Docker API Targeted by New Cryptojacking Attack that Creates a Swarm Botnet

• The Docker Engine API is abused to deploy a cryptocurrency miner on compromised containers.
• Exposed Docker API endpoints without authentication are a big part of the infection chain.
• The TTPs used by the hackers in this cryptojacking campaign are believed to overlap with TeamTNT.

A new cryptojacking campaign exploiting the Docker Engine API to commandeer instances for a malicious Docker Swarm was documented by cybersecurity researchers. This attack enables threat actors to leverage Docker Swarm's orchestration features for command-and-control (C2) purposes.

The campaign utilizes unauthenticated and exposed Docker API endpoints, scanning them with tools like masscan and ZGrab. Upon finding vulnerable endpoints, the attackers spawn an Alpine container to retrieve an initialization script (init.sh) from a remote server. 

This script checks system configurations before downloading the XMRig miner and other payloads for lateral movement across Docker, Kubernetes, and SSH environments.

The attackers deploy cryptocurrency miners on compromised containers for initial access and move laterally via executing shell scripts—kube.lateral.sh, spread_docker_local.sh, and spread_ssh.sh—to propagate malware across networks.

The libprocesshider rootkit to conceal malicious processes helps with evasion, while persistence is established via modified iptables and installing backdoors via additional scripts (ar.sh, TDGINIT.sh, pdflushs.sh).
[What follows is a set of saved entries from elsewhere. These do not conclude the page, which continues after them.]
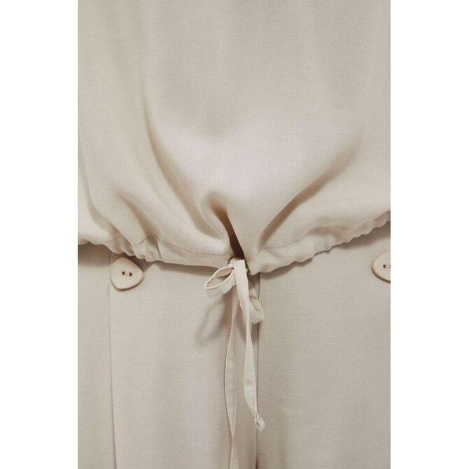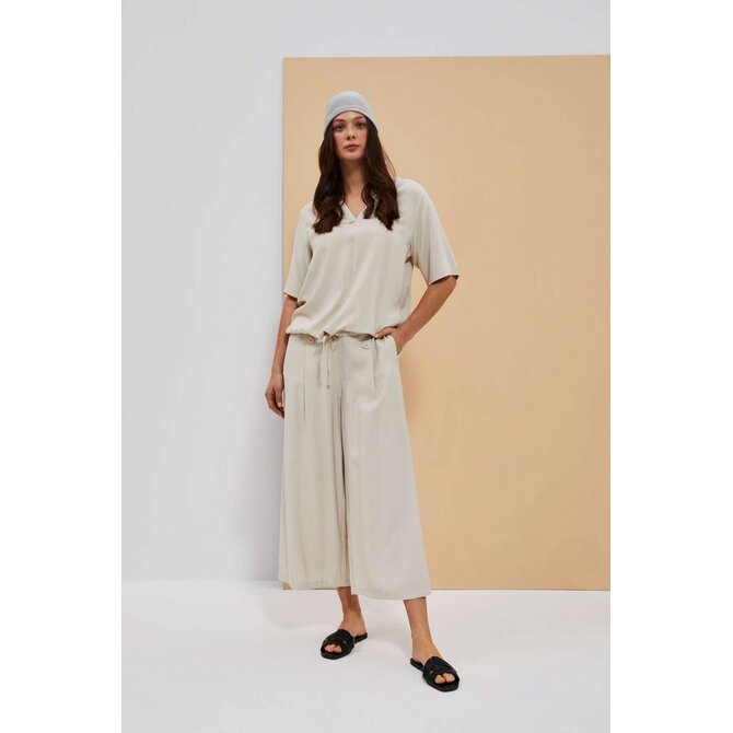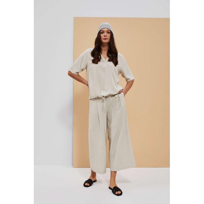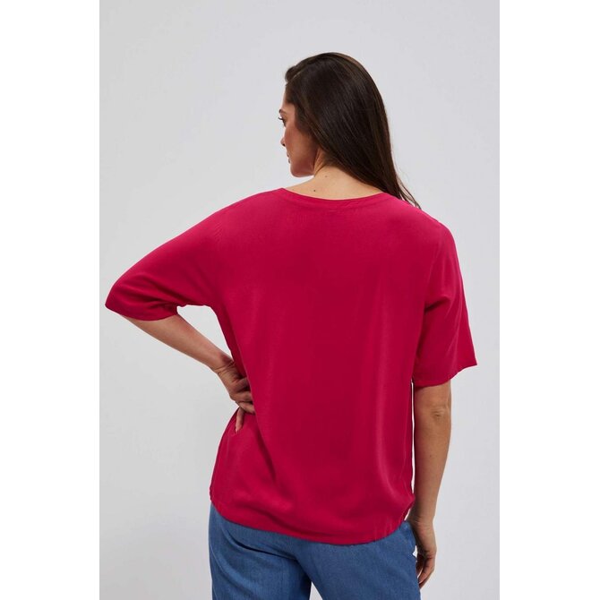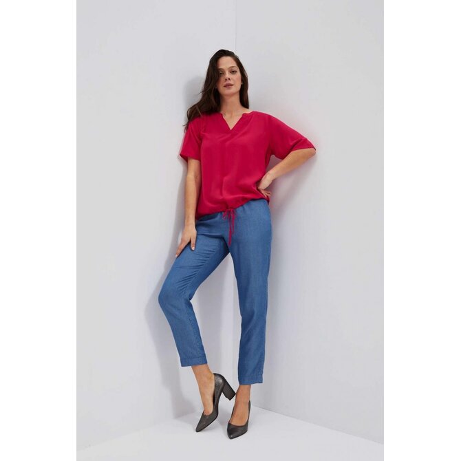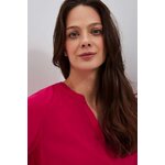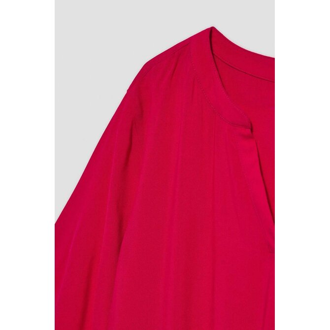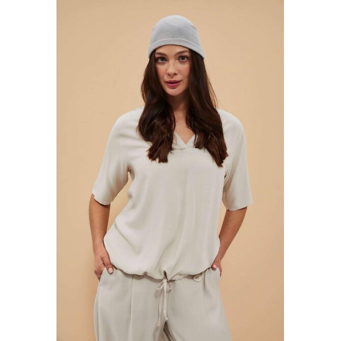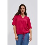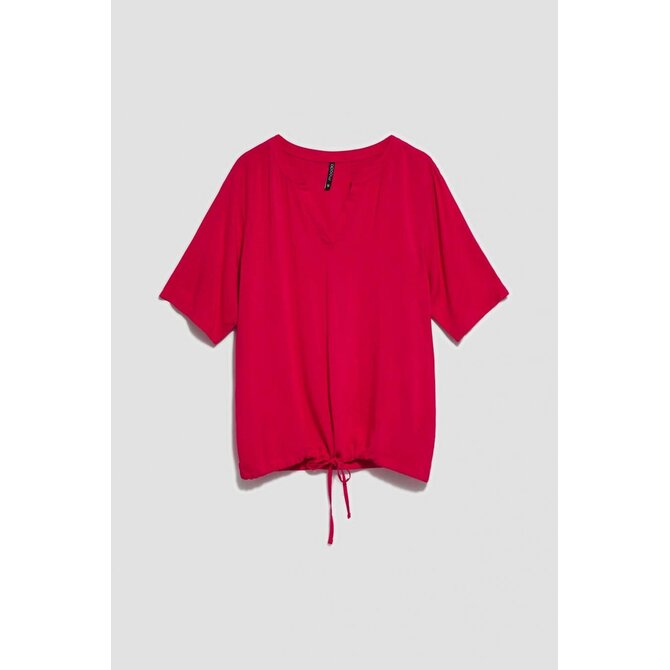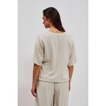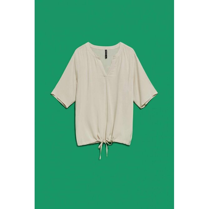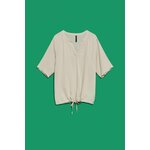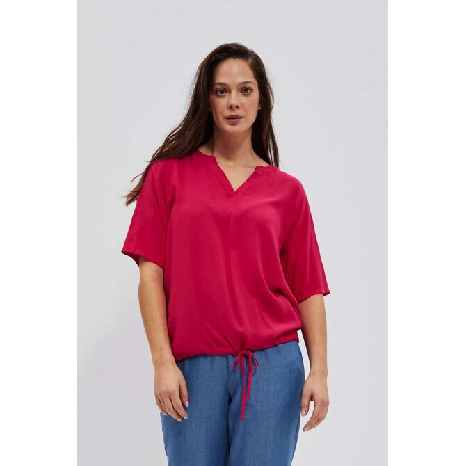 Hladká košile. Široký a volný střih, který neomezuje v pohybu. Ve spodní části košile je zajímavá kravata. Prodloužené krátké rukávy sahající k loktům. Výstřih do V se stojáčkem. Univerzální a praktický střih, který padne každé postavě. Vloženo přes hlavu. Hladký materiál, žádné vzory. Ideální nabídka pro ženy, které hledají volný každodenní
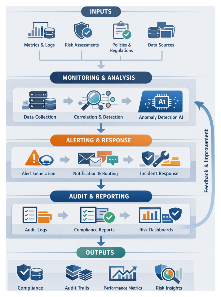 - Monitoring and Logging Services: Telemetry collection and audit trails for governance.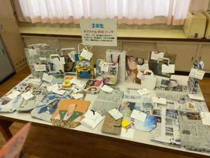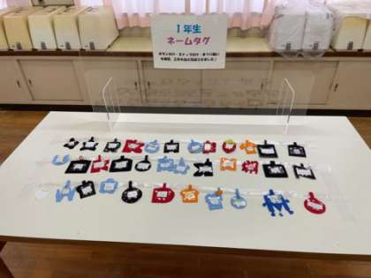 被服室では、家庭科の授業で作った作品が展示されています。1年生は「ネームタグ」、2年生は「給食献立コンクールに応募したレポート」、3年生は「エコバッグ」を制作しました。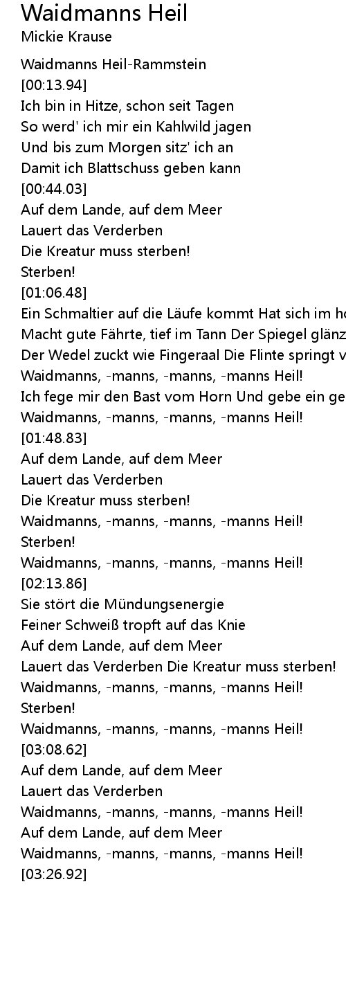 | [00:06.12] | Waidmanns HeilRammstein |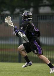 Keywords: lacrosse lax player sport stick competition field game athlete helmet action net ball teenager outdoors green grass fence park teen young youth running high school uniform american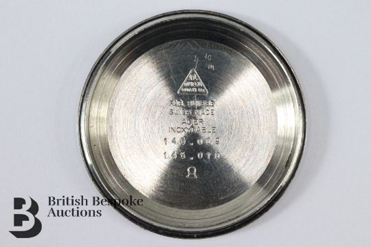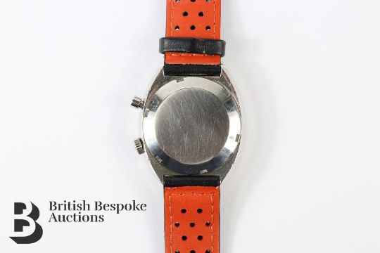 Omega Chronostop watch, the watch having a charcoal face with baton numerals and luminescent stop watch hand. Watch moving forward and stop watch working at time of describing, watch is in good condition with light scratching and minor mark between stop button and winder.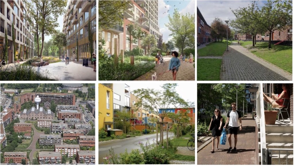 The number of neighborhoods where cars can only park on the outskirts is growing. A classic example is ‘ecological paradise’ Vauban were 50 ‘Baugruppen’ (housing cooperatives) have provided affordable housing (photo bottom middle ). Car-free too is the former site of the Gemeentelijk waterleidingbedrijf municipal water supply company in Amsterdam – (photo bottom left). Here almost all homes have a garden, roof terrace or spacious balcony. The Merwede district in Utrecht (top middle) will have 12,000 inhabitants and for only 30% room for parking is available, and even then only on the edge of the district. Shared cars, on the other hand, will be widely available. The space between the houses is intended for pedestrians, cyclists and children playing.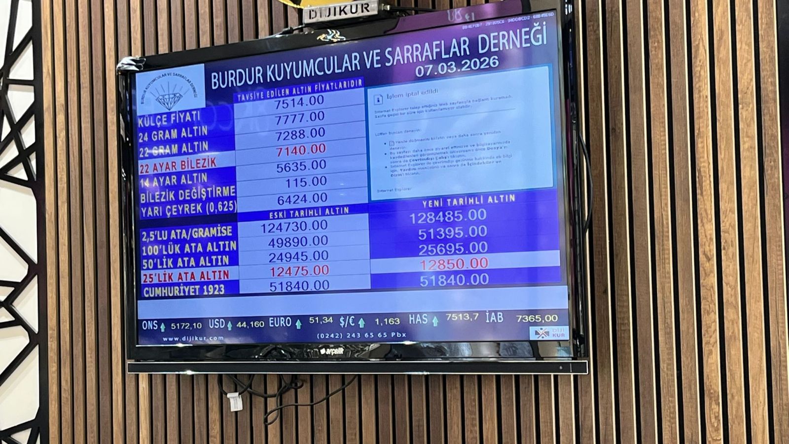 Burdur Kuyumcular ve Sarraflar Derneği tarafından 7 Mart 2026 Cumartesi günü saat 09.00 itibarıyla güncel altın fiyatları şu şekilde: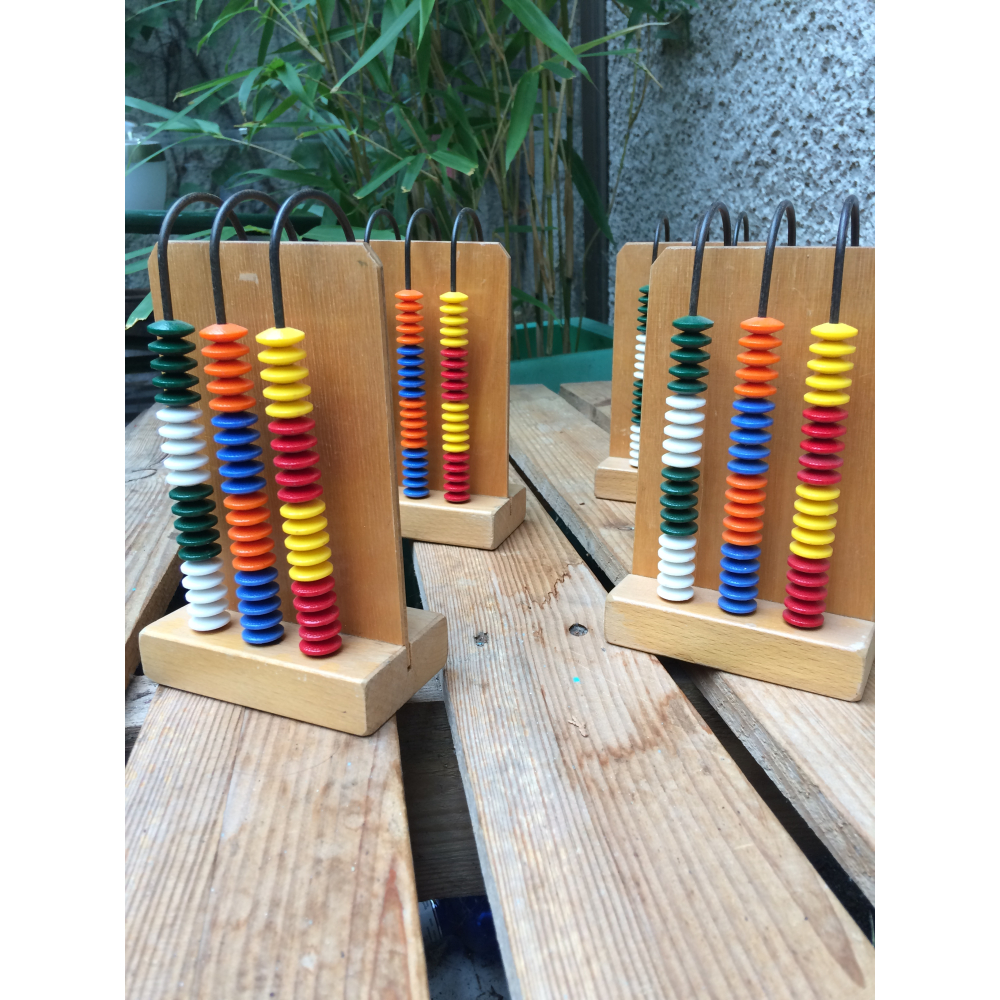 Vintage telraam uit de basisschool. Uit een oude basisschool, vintage abacussen! Mooie abacus met een houten voetje, ijzeren ringetjes en gekleurde kraaltjes, om uren mee te spelen, en natuurlijk om mee te leren rekenen. Natuurlijk ook mooi om als decoratie op een bureautje op de baby- of kinderkamer neer te zetten. De hoogte is 14 cm, het voetje is 6 bij 4 cm.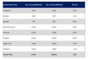 Supply & Demand: The US natural gas pipeline sample, a proxy for change in oil production, increased 1.3% W-o-W across all liquids-focused basins.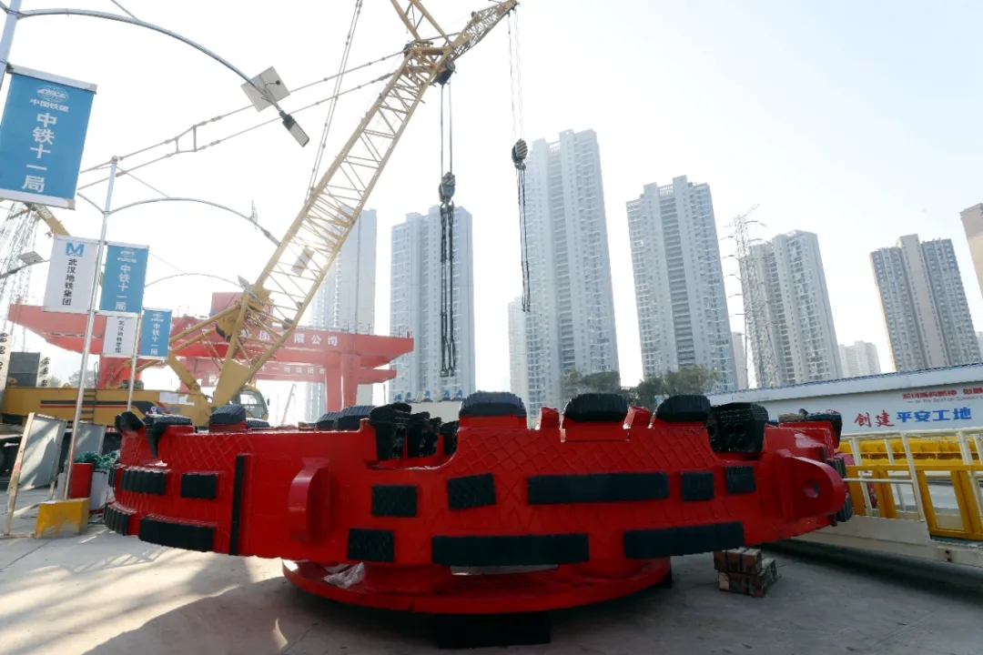 11号线四期汤山站至出入场线区间左线盾构机刀盘已就位,预计下周完成拼装。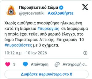Χωρίς τις αισθήσεις της ανασύρθηκε ηλικιωμένη κατά τη διάρκεια πυρκαγιάς που ξέσπασε σε διαμέρισμα πολυκατοικίας στο Περιστέρι. Όπως έγινε γνωστό από την πυροσβεστική, η φωτιάεκδηλώθηκε λίγο πριν τις 9:00 σε διαμέρισμα 2ου ορόφου, επί της οδού Ταινάρου στο Περιστέρι. Οι πυροσβεστικές δυνάμεις που μετέβησαν στο σημείο για την κατάσβεση της πυρκαγιάς εντόπισαν χωρίς τις αισθήσεις της μια γυναίκα -περίπου 90 ετών- εντός του διαμερίσματος. Η πυρκαγιά έχει τεθεί υπό μερικό έλεγχο και στο σημείο επιχειρούν 10 πυροσβέστες με 3 οχήματα.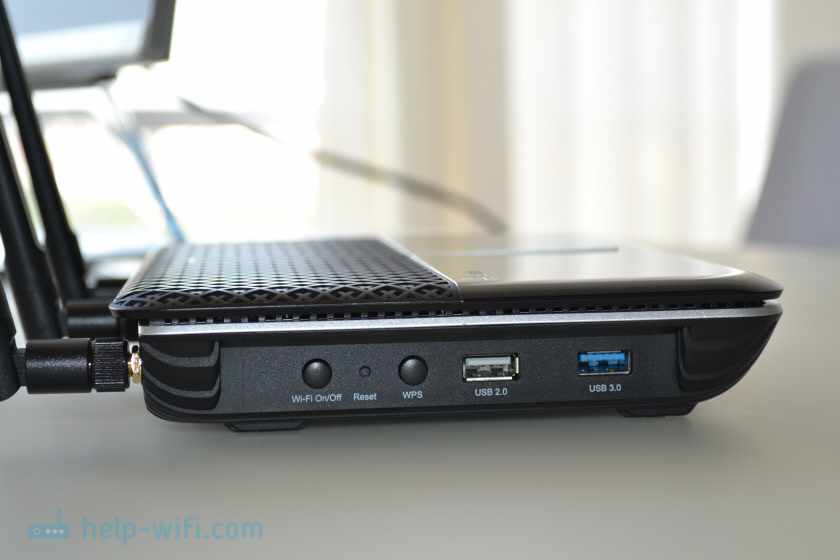 С левой стороны расположены три кнопки: Wi-Fi On/Off (для включения/отключения беспроводной сети), Reset и WPS. И два USB-порта, один из которых стандарта 3.0 (он синий внутри).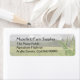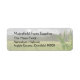An address label with a photo of a rural farming landscape in the rain with a field of maize or corn in the background and some closer maize plants in the foreground, against a stormy sky.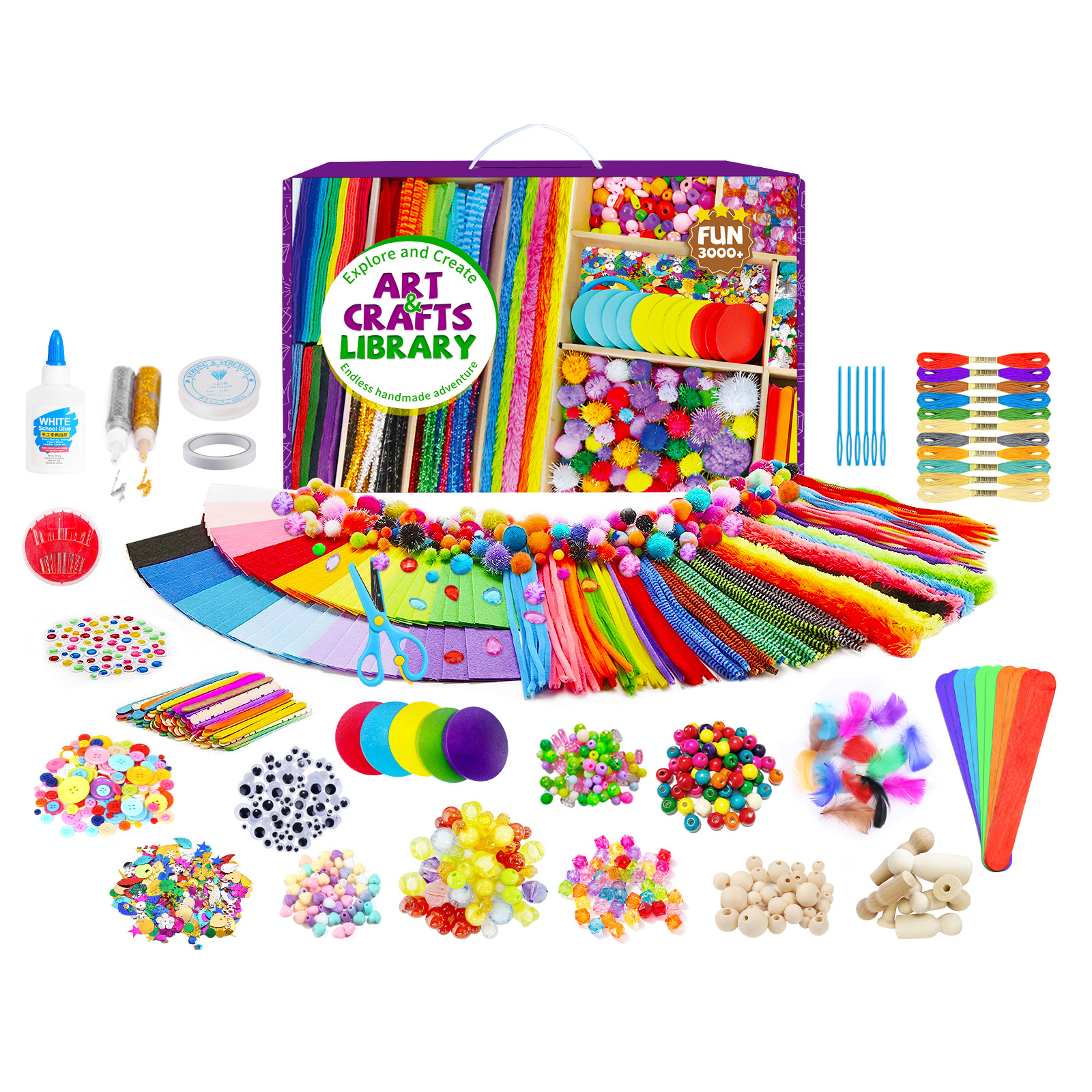 3000pcs + 毛玉条手工芸品ギフトボックスセット子供豪華芸術用品巨大工芸箱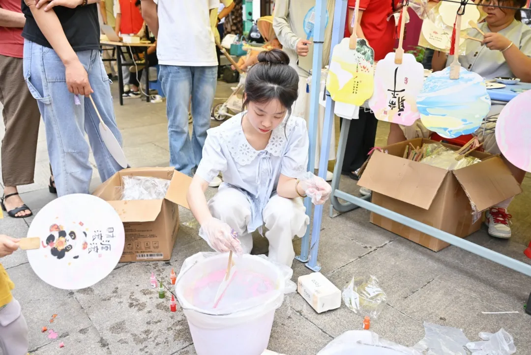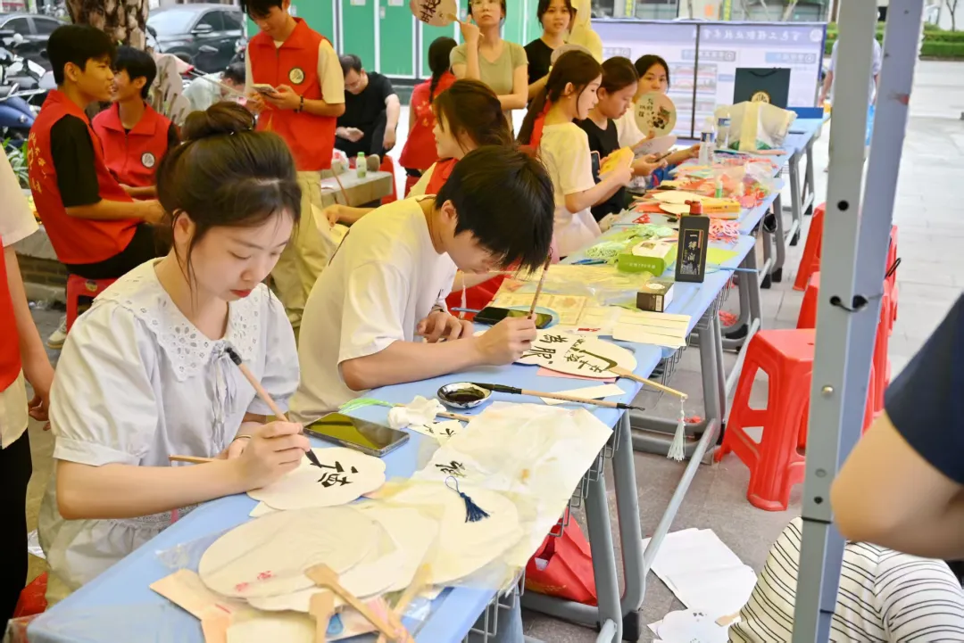 志愿者们在小扇子上书写着充满祝福的话语,吸引了居民驻足欣赏。剪纸区,志愿者们手把手地教大家剪纸技巧,一张普通的红纸,在巧手下变成了栩栩如生的图案。

The malicious campaign highlights the vulnerability of Docker and Kubernetes environments, further exacerbated by exposed Docker API endpoints without authentication. 

Infection can be prevented by ensuring Docker APIs require authentication, regularly updating security protocols to mitigate unauthorized access, and Conducting thorough audits to detect and remove unauthorized containers and instances.

While the specific threat actors remain unidentified, the techniques used align with known patterns of TeamTNT, a group recognized for targeting cloud environments for cryptojacking and infiltrating misconfigured Kubernetes servers using worm-like attacks.